▶ [Recorded data]:

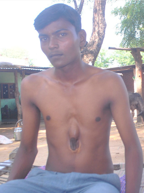 VBF-Bị di tật tim nằm không đúng vị trí như thế này khả năng sống xót là rất ít vậy mà người thanh niên này đã sống với nó suốt 18 năm nay. Hiện sức khoẻ của anh này là hoàn toàn bình thường là điều mà các bác sĩ kinh ngạc nhất.Theo Daily Bhaskar, hội chứng ectopia cordis (tim lạc chỗ) khi chào đời khiến Arpit Gohil được bác sĩ chẩn đoán sẽ khó sống nổi. Chỉ cần một cú ngã hay vết sưng nhỏ cũng có thể khiến cậu bé mất mạng. Quả tim của Arpit Gohil nằm bên ngoài lồng ngực, được bao bọc bởi một làn da mỏng manh. Hội chứng hiếm gặp của Arpit được ghi nhận chỉ khoảng 165 trường hợp trên toàn thế giới.Vượt ngoài mọi dự đoán, Arpit lớn lên như bất kỳ các cậu bé khác cùng trang lứa. Cậu vẫn trèo cây, lái xe máy kéo trên 40 km nông trại của cha mình tại Ahmedabad, bang Gujarat, Ấn Độ. "Tôi có thể làm tất cả mọi thứ như một người bình thường. Không có bất kỳ rắc rối với công việc trên nông trại như cày xới đất, lái xe máy kéo hay đạp xe đạp", chàng trai sinh năm 1997 chia sẻ.
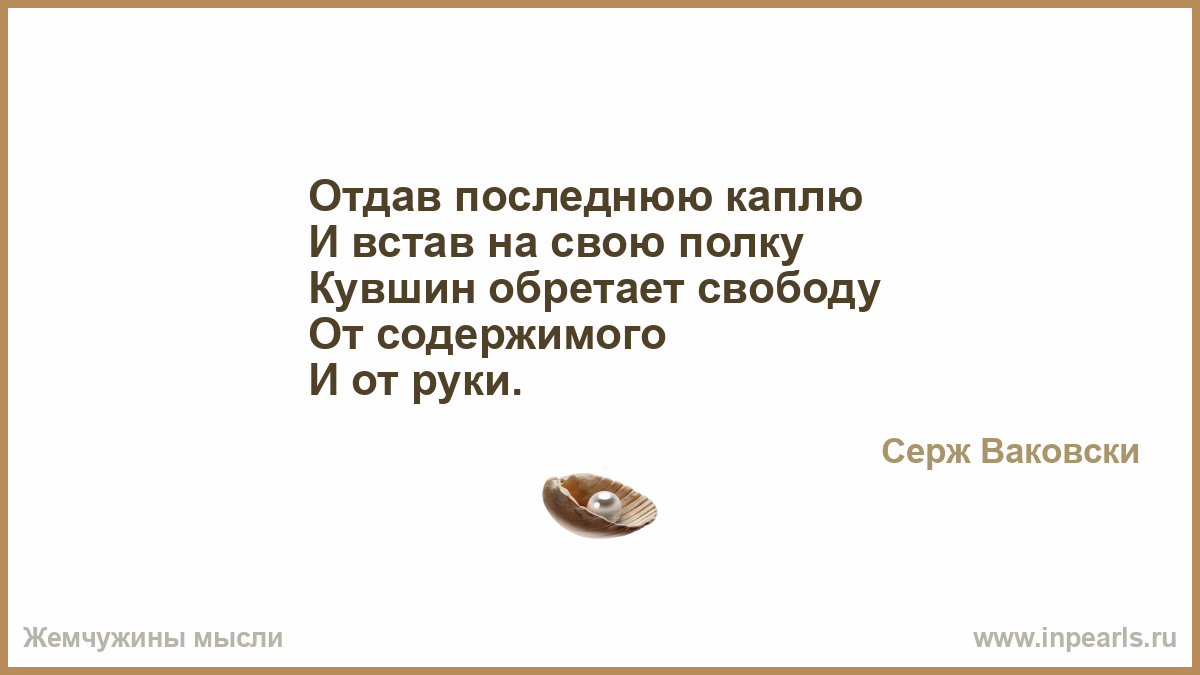 Отдав последнюю каплю И встав на свою полку Кувшин обретает свободу От содержимого И от руки.
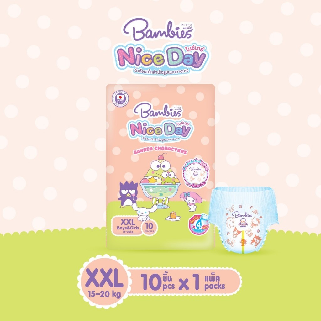Bambies รุ่นใหม่ Niceday ห่อเล็ก แบบกางเกง ลายลิขสิทธิ์ Sanrio น่ารัก

▶ [Problem statement]:
Leaving out every picture, extract verbatim the lines from the one containing "Отдав последнюю каплю" through the last line of the listing, inclusive.

▶ [Answer to this exercise]:
 Отдав последнюю каплю И встав на свою полку Кувшин обретает свободу От содержимого И от руки.
Bambies รุ่นใหม่ Niceday ห่อเล็ก แบบกางเกง ลายลิขสิทธิ์ Sanrio น่ารัก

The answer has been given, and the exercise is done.